[Opening DATA SECTION section]
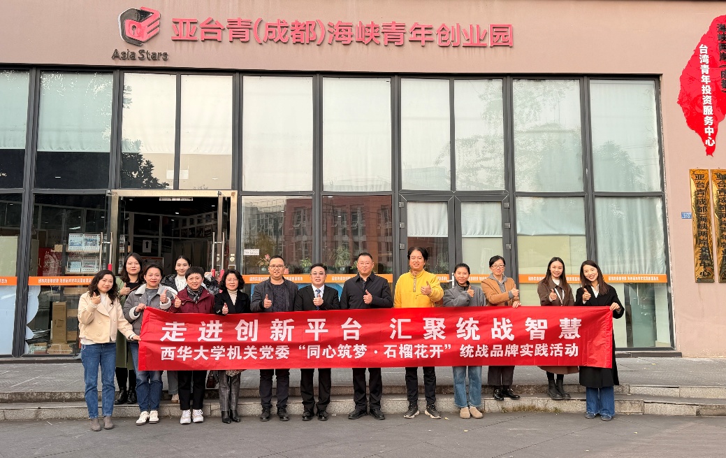 为充分发挥统一战线优势,增进党外人士对地方发展及对海峡两岸青年创新创业现状的了解,积极搭建校地合作桥梁,11月25日,机关党委组织民主党派成员、无党派人士及少数民族教职工代表共12名统战成员赴亚台青(成都)海峡青年创业园,开展“同心筑梦·石榴花开”统战品牌实践活动。
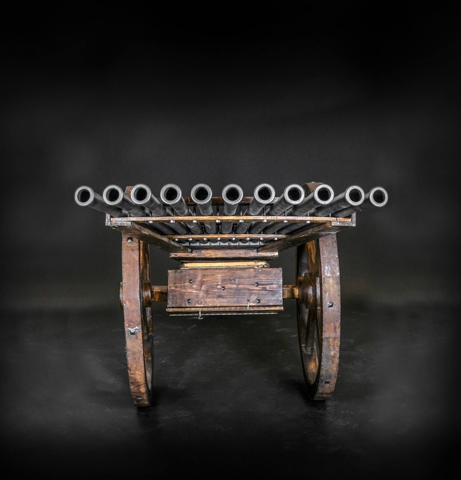 MediumHolzmodell eines Orgelgeschützes mit gusseisernen Rohren
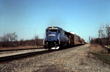 CR 6857and a NS GE lead train ML403X at Greenwich, OH on April 10, 1999. Chris Howe photo, taken on my birthday
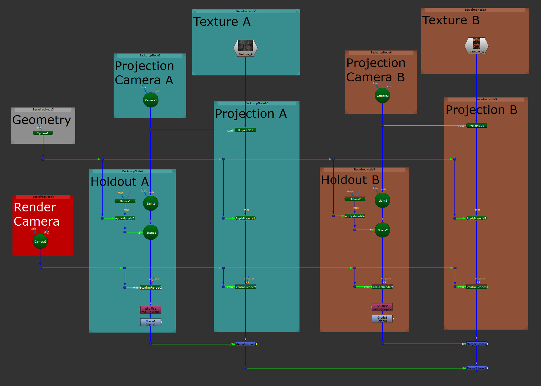 First, project your texture A onto your geometry using your projection camera A. (This is a completely standard projection using a Project3D node).
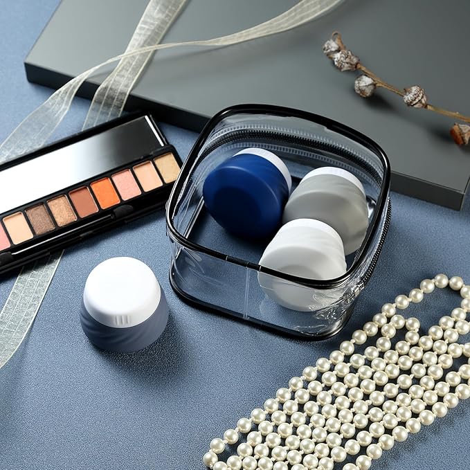 Gemice Travel Containers for Toiletries, Silicone Cream Jars TSA Approved Travel Size Containers with Clear Bag, Leak-proof Travel Accessories with Lid for Cosmetic Face Body Hand Cream (4 Pack)
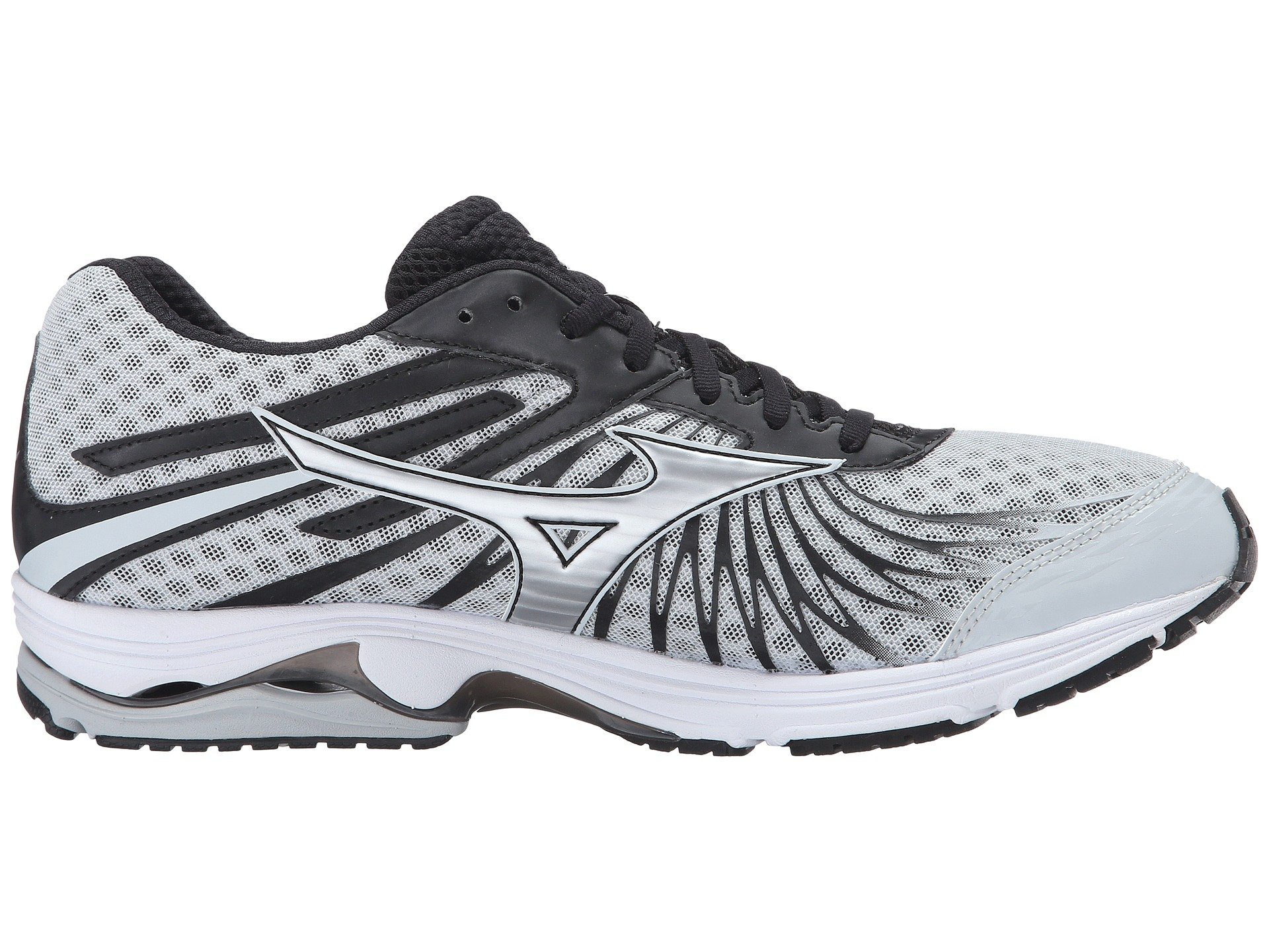 | Product Information SKU: #8992910Peace out and put the miles behind you when you hit the pavement in the Mizuno? Wave Sayonara 4 running shoe!Support Type: Neutral to underpronation (supination).Cushioning: Lightweight, flexible response. Surface: Road.Differential: 10 mm. Breathable mesh and synthetic upper materials. Printed forefoot overlays promote a performance fit and feel. Lace-up closure.Padded tongue and collar.Breathable fabric lining. Removable foam insole.Soft, responsive U4ic midsole.Parallel Wave? in the heel provides just the right amount of cushioning and stability.Soft blown rubber at the forefoot for durability, pressure distribution, and underfoot cushioning. X10™ carbon rubber through the heel and toe for supreme traction and maximum durability.Asymmetrical forefoot flex grooves allow the foot to move more naturally.Imported. Product measurements were taken using size 11.5, width D - Medium. Please note that measurements may vary by size.Weight of footwear is based on a single item, not a pair.Measurements: Weight: 10 oz |
[Closing DATA SECTION section]
→ **WHAT IS EXPECTED**:
Each line above should be set down exactly as written, with pictures excluded.

→ **REPLY TO THE EXERCISE**:
 为充分发挥统一战线优势,增进党外人士对地方发展及对海峡两岸青年创新创业现状的了解,积极搭建校地合作桥梁,11月25日,机关党委组织民主党派成员、无党派人士及少数民族教职工代表共12名统战成员赴亚台青(成都)海峡青年创业园,开展“同心筑梦·石榴花开”统战品牌实践活动。
 MediumHolzmodell eines Orgelgeschützes mit gusseisernen Rohren
 CR 6857and a NS GE lead train ML403X at Greenwich, OH on April 10, 1999. Chris Howe photo, taken on my birthday
 First, project your texture A onto your geometry using your projection camera A. (This is a completely standard projection using a Project3D node).
 Gemice Travel Containers for Toiletries, Silicone Cream Jars TSA Approved Travel Size Containers with Clear Bag, Leak-proof Travel Accessories with Lid for Cosmetic Face Body Hand Cream (4 Pack)
 | Product Information SKU: #8992910Peace out and put the miles behind you when you hit the pavement in the Mizuno? Wave Sayonara 4 running shoe!Support Type: Neutral to underpronation (supination).Cushioning: Lightweight, flexible response. Surface: Road.Differential: 10 mm. Breathable mesh and synthetic upper materials. Printed forefoot overlays promote a performance fit and feel. Lace-up closure.Padded tongue and collar.Breathable fabric lining. Removable foam insole.Soft, responsive U4ic midsole.Parallel Wave? in the heel provides just the right amount of cushioning and stability.Soft blown rubber at the forefoot for durability, pressure distribution, and underfoot cushioning. X10™ carbon rubber through the heel and toe for supreme traction and maximum durability.Asymmetrical forefoot flex grooves allow the foot to move more naturally.Imported. Product measurements were taken using size 11.5, width D - Medium. Please note that measurements may vary by size.Weight of footwear is based on a single item, not a pair.Measurements: Weight: 10 oz |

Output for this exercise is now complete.